## Source records
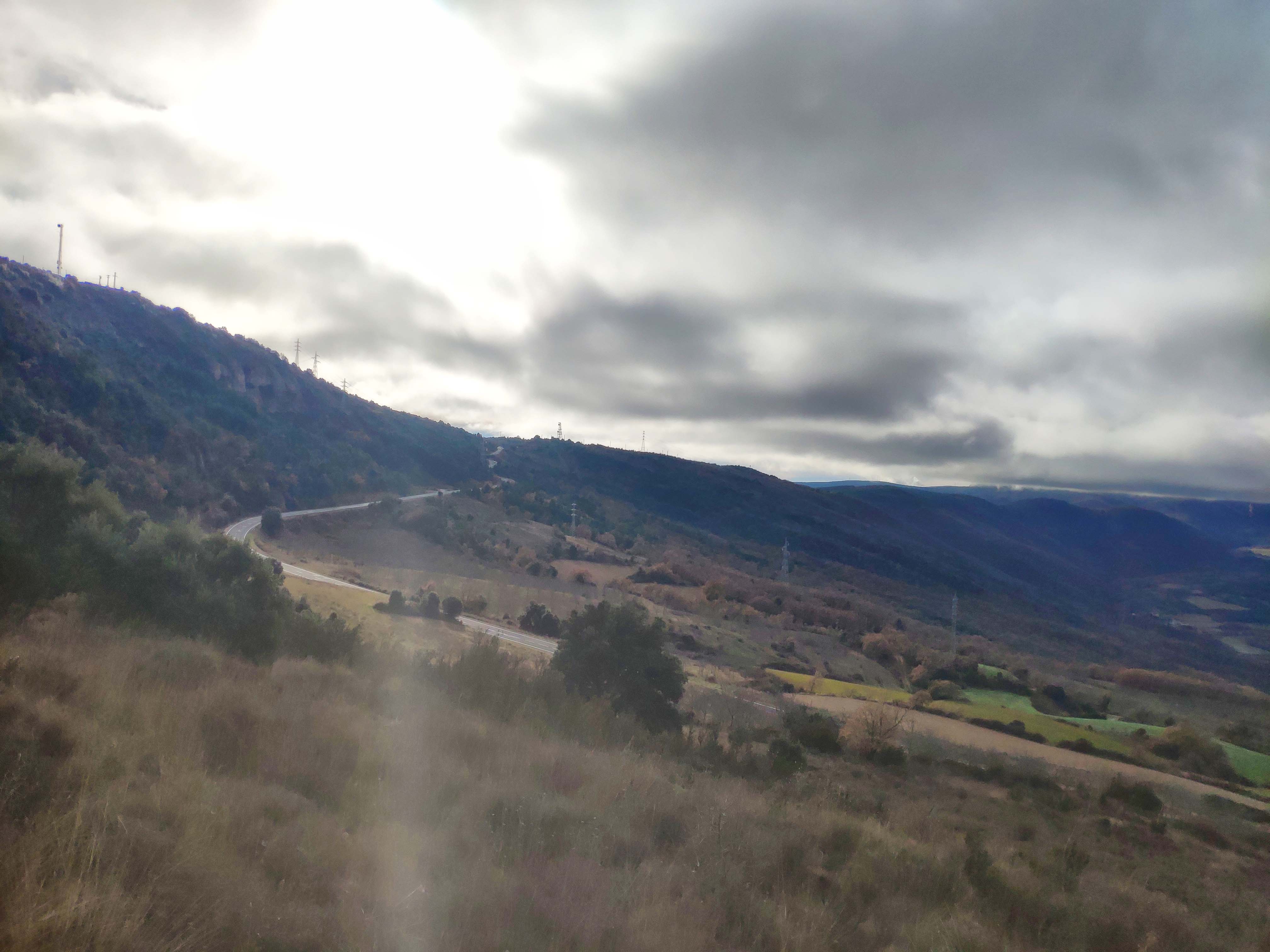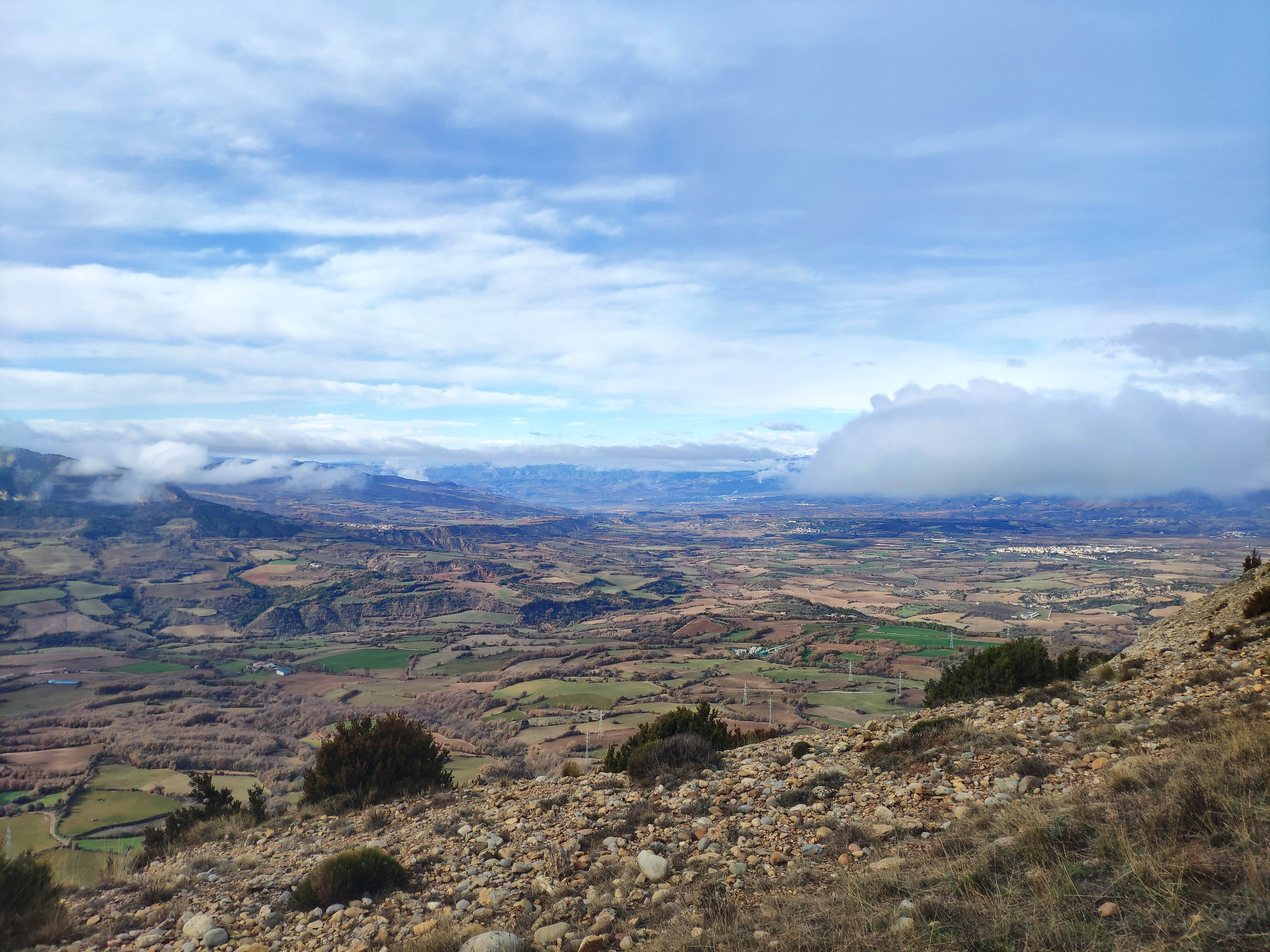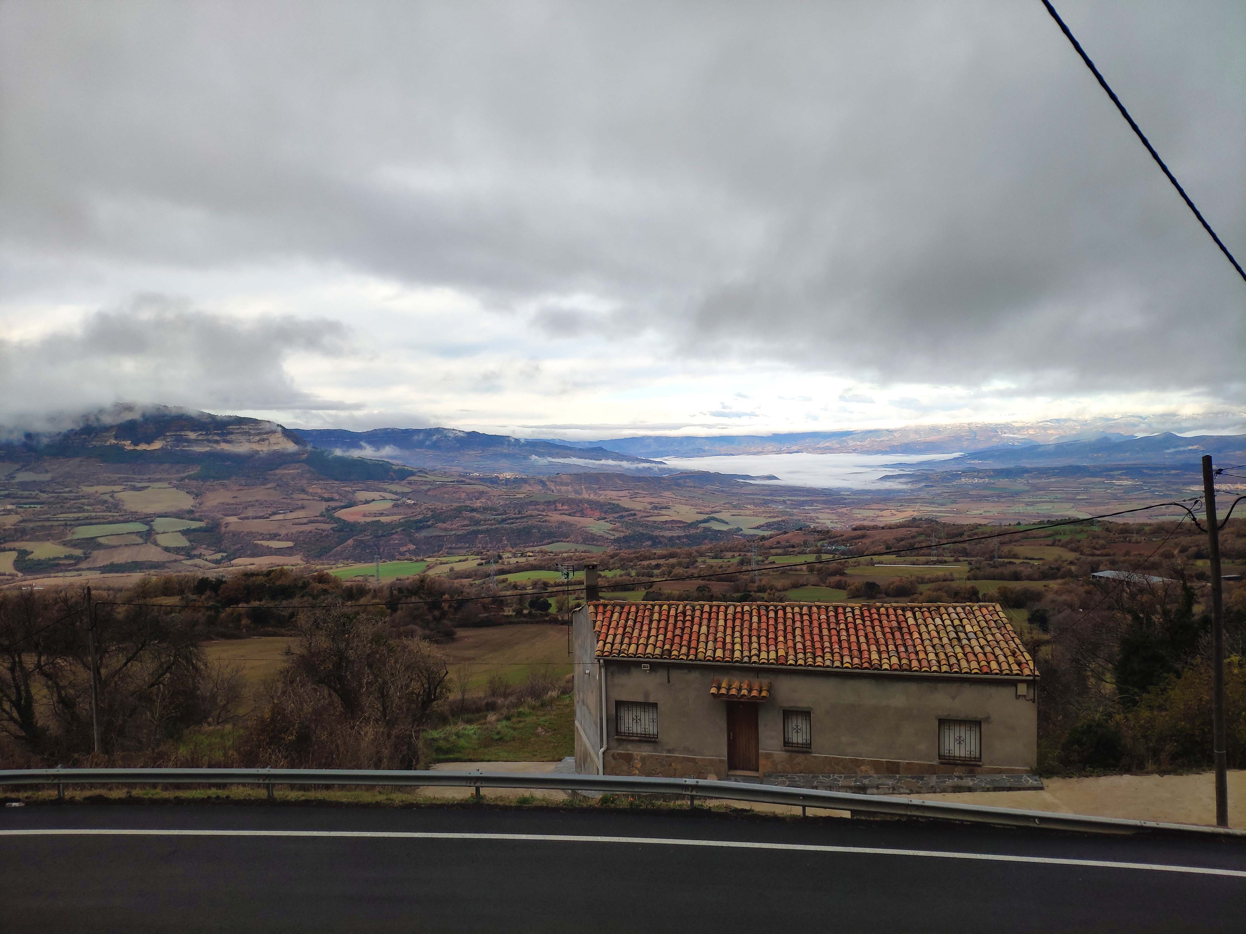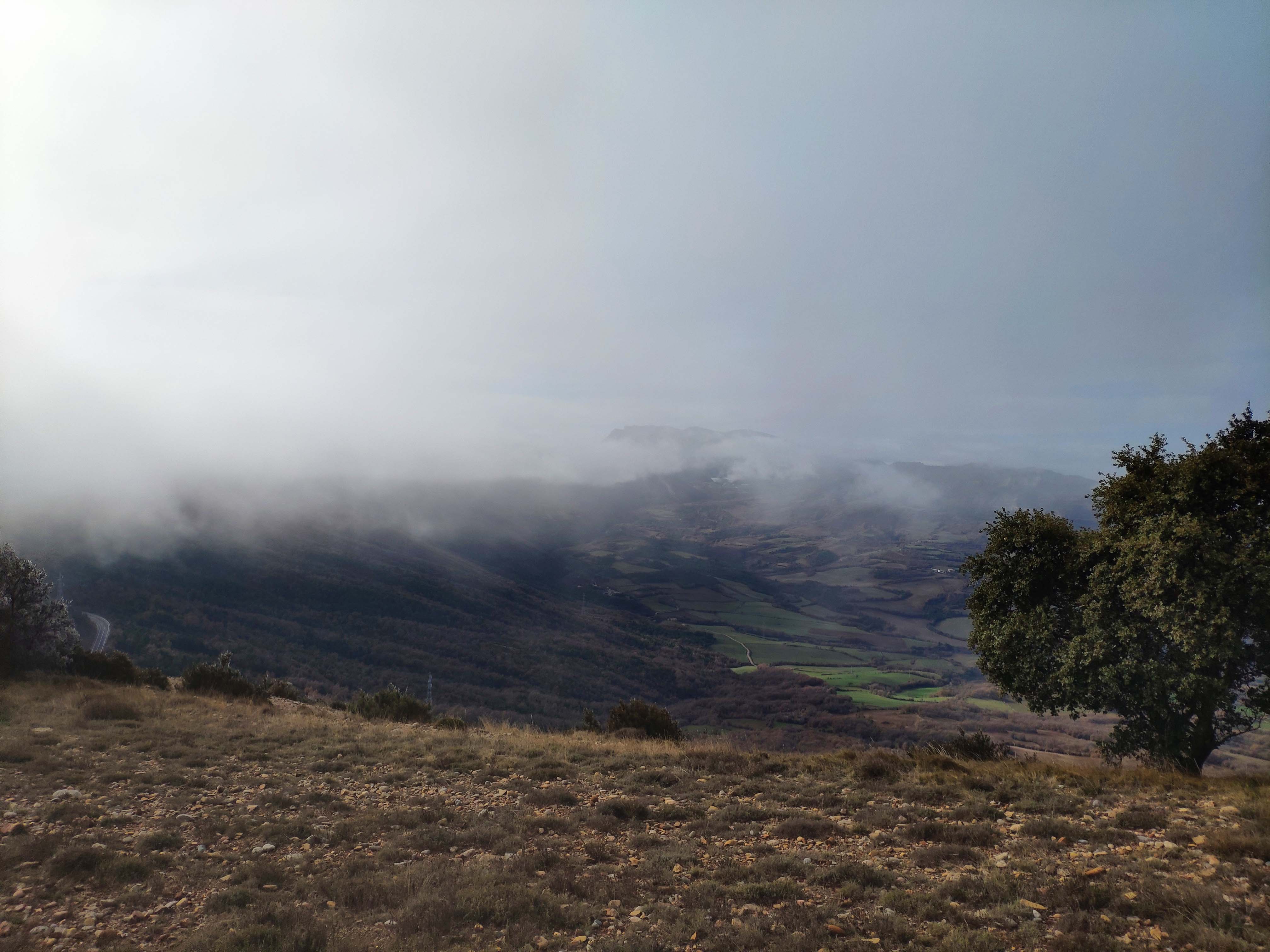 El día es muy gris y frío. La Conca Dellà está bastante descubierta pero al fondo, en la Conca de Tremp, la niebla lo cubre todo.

--

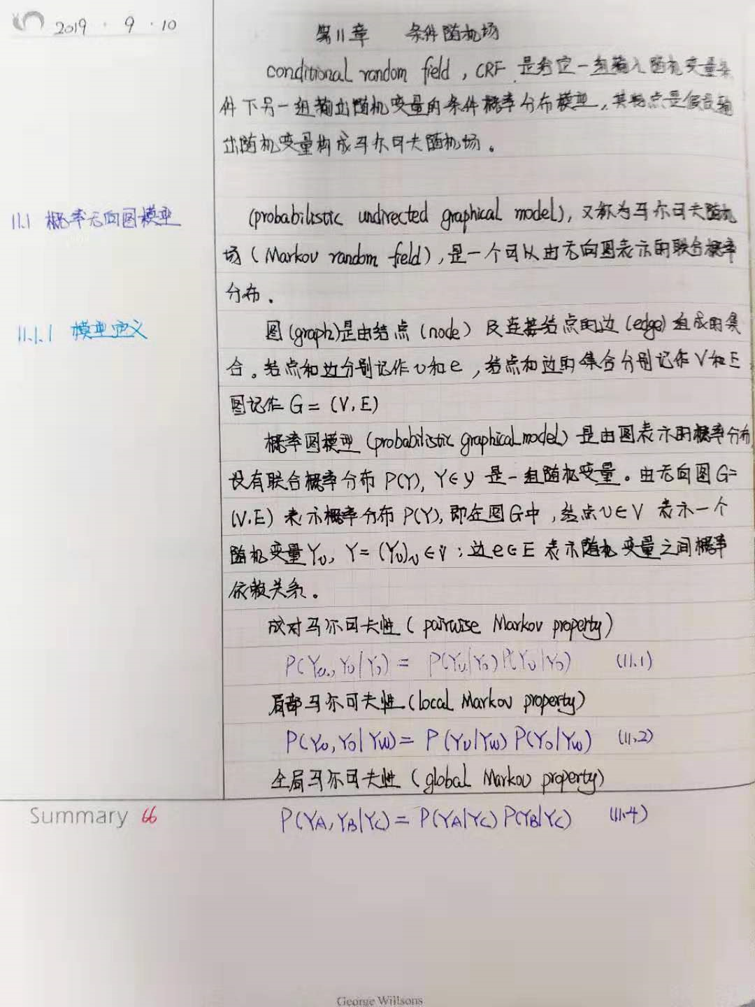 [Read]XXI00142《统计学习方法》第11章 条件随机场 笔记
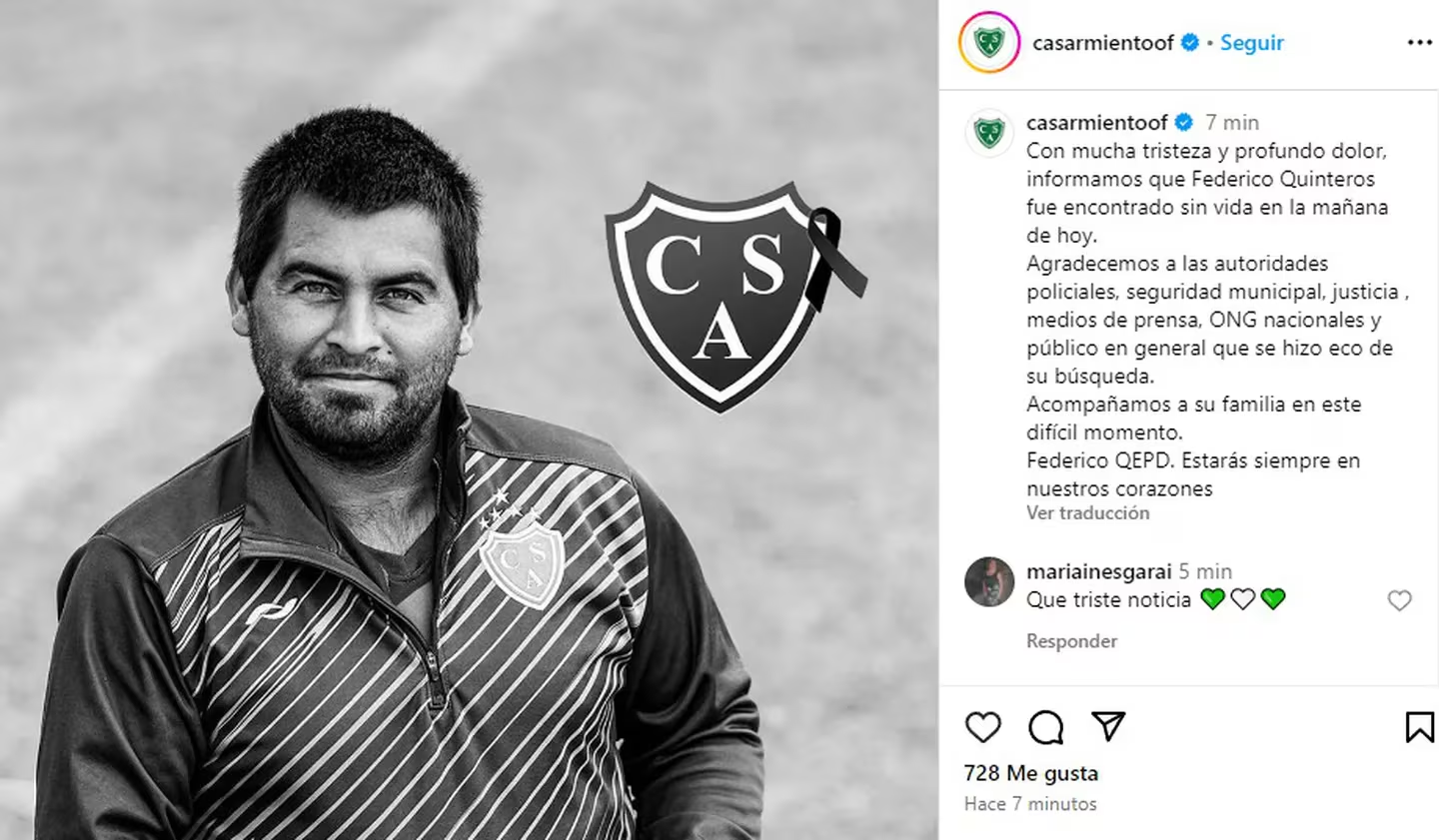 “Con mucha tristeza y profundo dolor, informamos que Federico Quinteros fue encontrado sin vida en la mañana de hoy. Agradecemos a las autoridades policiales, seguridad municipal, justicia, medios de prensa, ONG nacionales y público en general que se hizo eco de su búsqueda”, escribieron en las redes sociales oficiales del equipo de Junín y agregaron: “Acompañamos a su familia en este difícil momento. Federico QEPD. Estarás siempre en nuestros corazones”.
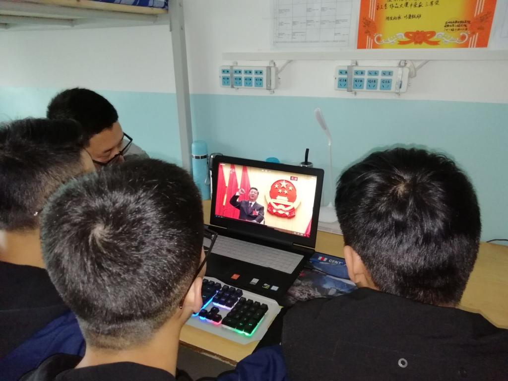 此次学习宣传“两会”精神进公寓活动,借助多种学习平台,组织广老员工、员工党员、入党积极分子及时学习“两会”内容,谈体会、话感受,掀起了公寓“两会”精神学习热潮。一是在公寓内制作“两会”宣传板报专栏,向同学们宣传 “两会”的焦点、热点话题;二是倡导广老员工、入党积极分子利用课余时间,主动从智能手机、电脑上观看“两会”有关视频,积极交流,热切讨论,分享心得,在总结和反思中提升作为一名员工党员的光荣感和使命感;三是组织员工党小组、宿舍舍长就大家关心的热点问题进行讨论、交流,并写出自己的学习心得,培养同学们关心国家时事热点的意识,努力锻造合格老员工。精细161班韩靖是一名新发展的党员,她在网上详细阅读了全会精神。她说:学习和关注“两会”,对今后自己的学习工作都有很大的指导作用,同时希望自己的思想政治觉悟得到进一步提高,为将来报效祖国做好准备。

...

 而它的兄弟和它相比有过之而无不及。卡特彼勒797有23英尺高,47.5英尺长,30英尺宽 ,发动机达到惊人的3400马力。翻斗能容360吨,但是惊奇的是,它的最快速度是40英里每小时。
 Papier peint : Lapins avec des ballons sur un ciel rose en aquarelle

## Your instructions
From the records above, print exactly the lines that run from the line with "而它的兄弟和它相比有过之而无" to the line with "Papier peint : Lapins", inclusive.

## Response to the task
 而它的兄弟和它相比有过之而无不及。卡特彼勒797有23英尺高,47.5英尺长,30英尺宽 ,发动机达到惊人的3400马力。翻斗能容360吨,但是惊奇的是,它的最快速度是40英里每小时。
 Papier peint : Lapins avec des ballons sur un ciel rose en aquarelle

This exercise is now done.